### Source records

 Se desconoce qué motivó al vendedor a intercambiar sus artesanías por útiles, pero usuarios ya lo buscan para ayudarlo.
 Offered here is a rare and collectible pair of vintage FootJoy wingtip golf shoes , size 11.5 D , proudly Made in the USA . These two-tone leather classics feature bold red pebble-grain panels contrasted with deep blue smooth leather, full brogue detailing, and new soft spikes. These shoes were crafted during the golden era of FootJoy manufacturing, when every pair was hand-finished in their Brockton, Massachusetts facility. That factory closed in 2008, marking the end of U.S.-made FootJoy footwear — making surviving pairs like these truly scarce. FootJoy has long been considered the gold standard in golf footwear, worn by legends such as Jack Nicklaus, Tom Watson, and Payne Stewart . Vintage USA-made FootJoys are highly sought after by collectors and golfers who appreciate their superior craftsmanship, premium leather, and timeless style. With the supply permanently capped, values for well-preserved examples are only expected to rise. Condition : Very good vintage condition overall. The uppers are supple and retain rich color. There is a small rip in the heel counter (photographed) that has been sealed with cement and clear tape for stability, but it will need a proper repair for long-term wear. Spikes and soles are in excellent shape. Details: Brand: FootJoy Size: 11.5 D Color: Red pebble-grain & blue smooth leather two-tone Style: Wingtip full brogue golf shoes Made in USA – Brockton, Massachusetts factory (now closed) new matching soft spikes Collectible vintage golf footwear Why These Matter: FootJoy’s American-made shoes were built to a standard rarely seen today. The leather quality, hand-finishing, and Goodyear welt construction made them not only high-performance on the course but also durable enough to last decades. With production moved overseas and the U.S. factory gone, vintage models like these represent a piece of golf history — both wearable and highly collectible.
* * *
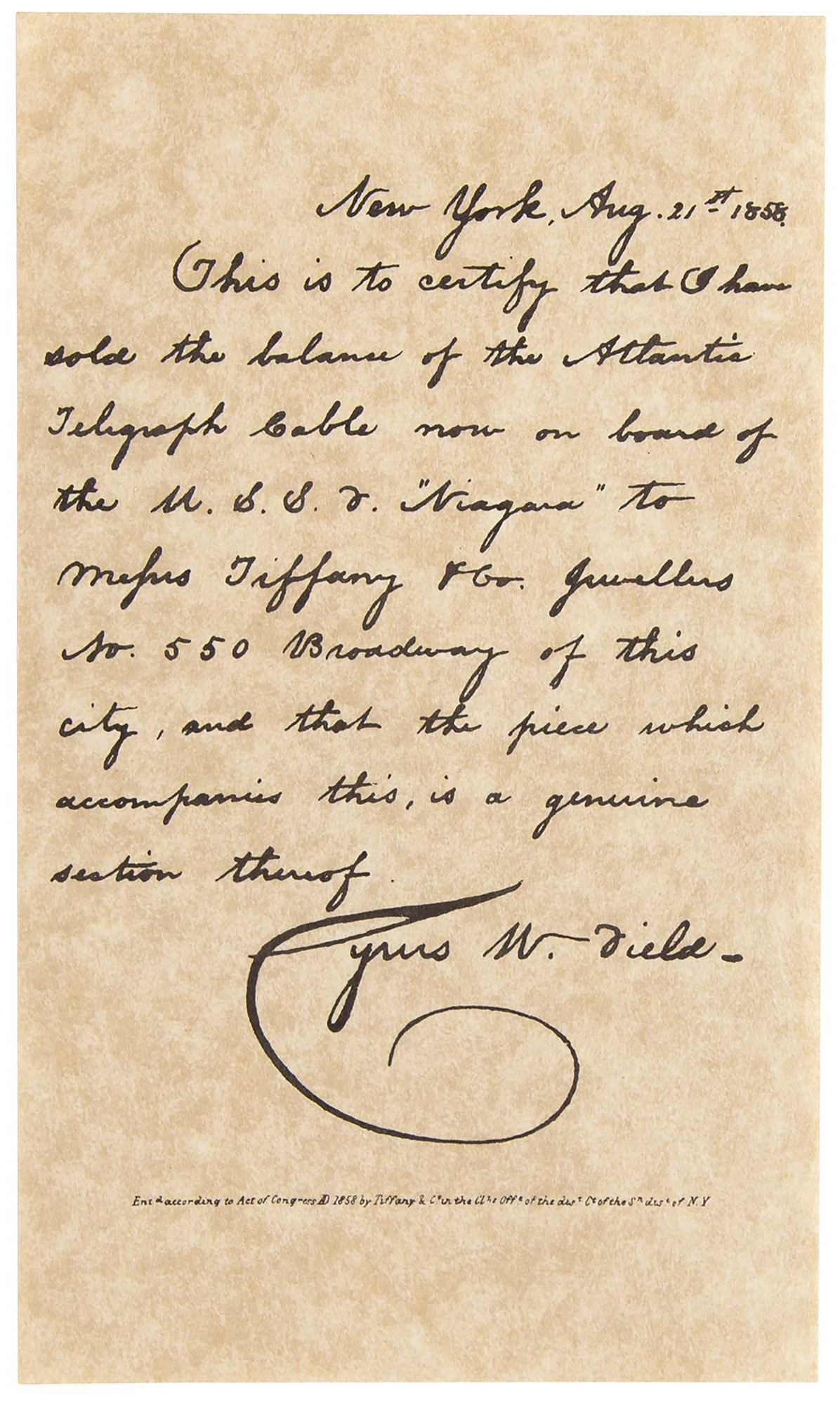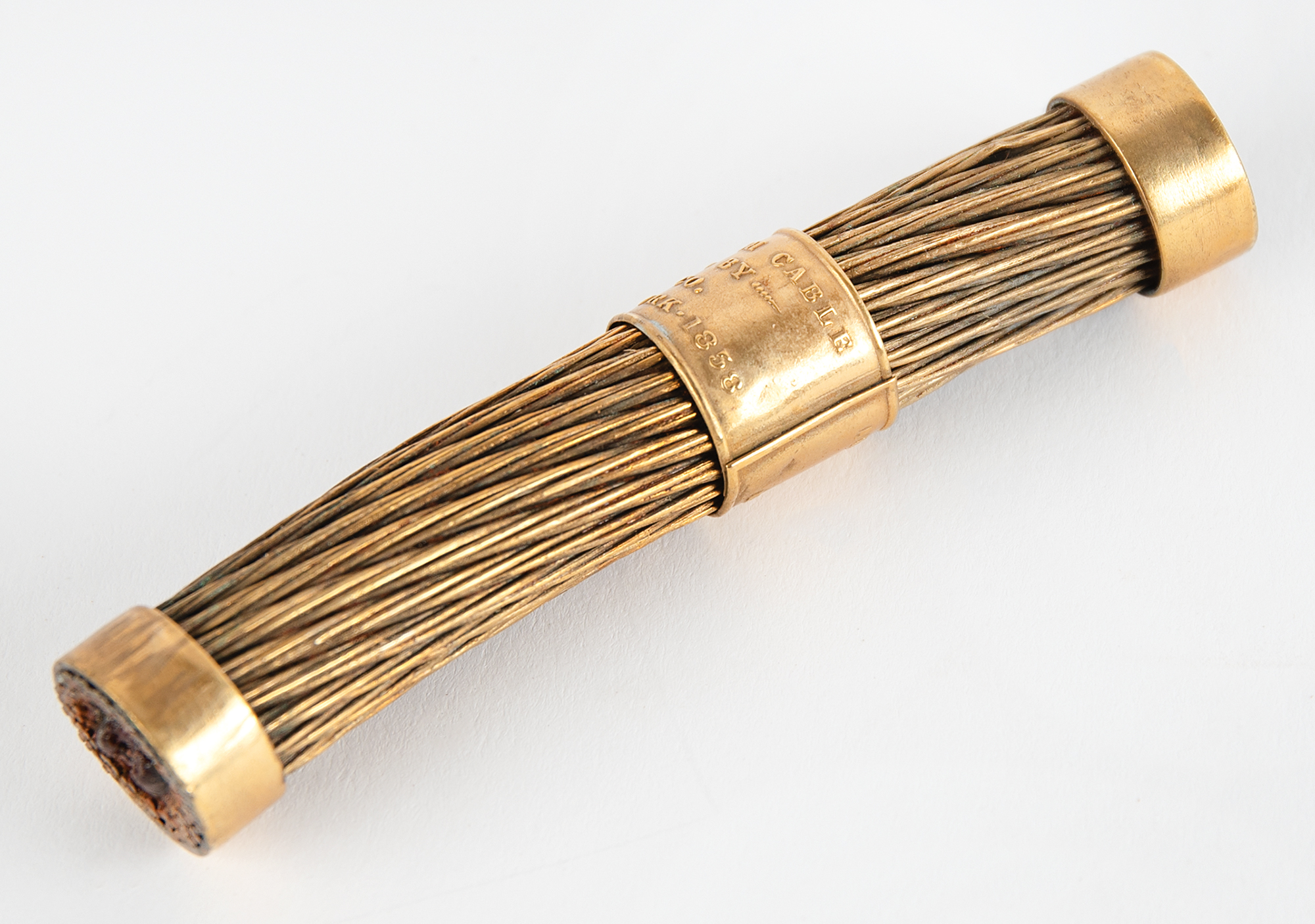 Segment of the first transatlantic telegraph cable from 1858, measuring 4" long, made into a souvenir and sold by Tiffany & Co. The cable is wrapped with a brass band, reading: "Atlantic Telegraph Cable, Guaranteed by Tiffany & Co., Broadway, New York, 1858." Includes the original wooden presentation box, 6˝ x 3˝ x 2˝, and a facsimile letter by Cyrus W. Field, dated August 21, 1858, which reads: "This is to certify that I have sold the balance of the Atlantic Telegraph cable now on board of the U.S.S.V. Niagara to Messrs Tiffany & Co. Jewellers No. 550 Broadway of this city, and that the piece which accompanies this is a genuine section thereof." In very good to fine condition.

### Exercise goal
In the entries above, the lines between the one holding "Se desconoce qué" and the one holding "Offered here is", inclusive, are to be printed exactly as written, and those alone.

### Response area
 Se desconoce qué motivó al vendedor a intercambiar sus artesanías por útiles, pero usuarios ya lo buscan para ayudarlo.
 Offered here is a rare and collectible pair of vintage FootJoy wingtip golf shoes , size 11.5 D , proudly Made in the USA . These two-tone leather classics feature bold red pebble-grain panels contrasted with deep blue smooth leather, full brogue detailing, and new soft spikes. These shoes were crafted during the golden era of FootJoy manufacturing, when every pair was hand-finished in their Brockton, Massachusetts facility. That factory closed in 2008, marking the end of U.S.-made FootJoy footwear — making surviving pairs like these truly scarce. FootJoy has long been considered the gold standard in golf footwear, worn by legends such as Jack Nicklaus, Tom Watson, and Payne Stewart . Vintage USA-made FootJoys are highly sought after by collectors and golfers who appreciate their superior craftsmanship, premium leather, and timeless style. With the supply permanently capped, values for well-preserved examples are only expected to rise. Condition : Very good vintage condition overall. The uppers are supple and retain rich color. There is a small rip in the heel counter (photographed) that has been sealed with cement and clear tape for stability, but it will need a proper repair for long-term wear. Spikes and soles are in excellent shape. Details: Brand: FootJoy Size: 11.5 D Color: Red pebble-grain & blue smooth leather two-tone Style: Wingtip full brogue golf shoes Made in USA – Brockton, Massachusetts factory (now closed) new matching soft spikes Collectible vintage golf footwear Why These Matter: FootJoy’s American-made shoes were built to a standard rarely seen today. The leather quality, hand-finishing, and Goodyear welt construction made them not only high-performance on the course but also durable enough to last decades. With production moved overseas and the U.S. factory gone, vintage models like these represent a piece of golf history — both wearable and highly collectible.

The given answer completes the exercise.